マル鉄・鉄道写真館

鉄道・バス・航空機・はたらくクルマなど、乗り物全般の歴史をご紹介しています。

日立電鉄の旧型車たち

2011-09-21 00:30:00 | 私鉄(中小)
日立電鉄の旧型車たち


日立電鉄(鉄道線)は、常磐線の大甕駅を基点とし、日立方面へ向う鮎川駅及び反対方向へ向かい常磐線を交差して水郡線の常陸太田方向へ向う常北太田駅を結んでいた路線です。

常北太田から常磐線へ抜ける近道でもありましたが、途中には人家が少なく、沿線にこれといった商業地や工場などもないため、需要はかなり低かったようです。

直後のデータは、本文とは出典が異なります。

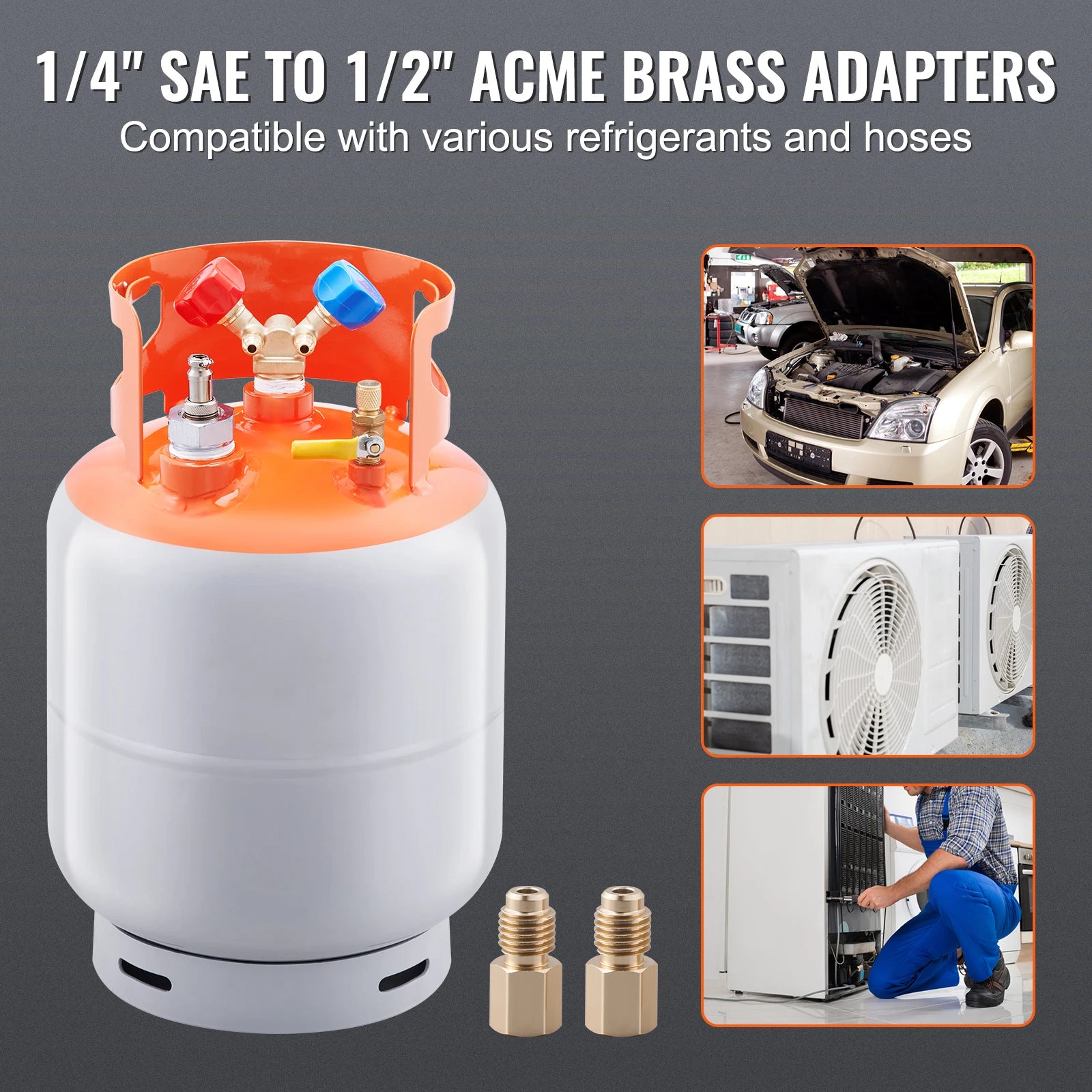 • Strong Compatibility: The built-in 1/4" SAE interface valve can be adapted to fit most hose sizes, thanks to the inclusion of 2 1/4" SAE to 1/2" ACME brass adapters. Perfect for use with old household air conditioners, the tight connection at the interface minimizes the risk of leakage.

まだ廃止論が起きる前、常磐線の撮影をかねて1度だけ訪れたことがありました。

撮影は、すべて平成元年3月12日です。



常北太田駅にて 側線に留置中の351形(元静岡鉄道)

他車に比べて大型で、しかも2連を組んでおりますので、おそらくラッシュ時のみ使用されていたと思われます。



さらにバックに留置中の複数のモハ9型も懐かしい。



常北太田駅にて 折返し待機中のモハ9型 モハ10

同鉄道の旧型車として最後まで走っていたモハ10。短い車体と地方鉄道らしい塗装がローカルな雰囲気を醸し出しています。



小沢~常北太田間にて 鉄橋を渡るモハ14(元相模鉄道)

鉄橋を渡る1両編成の電車は、ローカルな風県に一番ふさわしい。
このモハ14形は、元相模鉄道(といっても現JR相模線の前身)で使用されていたディーゼルカー。地方私鉄がディーゼルカーを客車に改造するケースは多々見受けられますが、気動車の電車化は珍しいのではないでしょうか。電車化に際しては食パン顔になりましたが、気動車時代は両端流線型のスピード感あふれる形状をしていました。



久慈浜~南高野間にて トンネルをくぐるモハ10

トンネルといっても常磐線とのアンダークロス部。日中は単行の小型車が活躍。といいつつも、利用者はかなり少ない。

この後間もなく、旧型車は営団銀座線の車輌に置換わってしまい、少しのリンク期間があったものの、旧型車は全廃されました。
さらに、経営悪化の歯止めは利かず、平成17年3月31日をもって路線自体が廃止となってしまいました。

時は流れ・・・


平成21年4月26日、常磐線を訪れた際、ちょうど空き地で弁当を食べていてこんな風景に出会いました。




クルマを停めた脇に深い堀があったので川かと思ったのですが・・・
覗いてみると不自然な路盤。そう、日立電鉄の廃線跡でした。道路として活用できそうなほどキレイな砂利道になっています。




なんか見覚えのあった場所、それはモハ10を撮影した常磐線とのクロス部分でした。
かつて常磐線の下を潜っていたトンネルは、残念ながらコンクリートで塞がれていましたが、そこは紛れもなく電車が行き来していた時代を語る場所でした。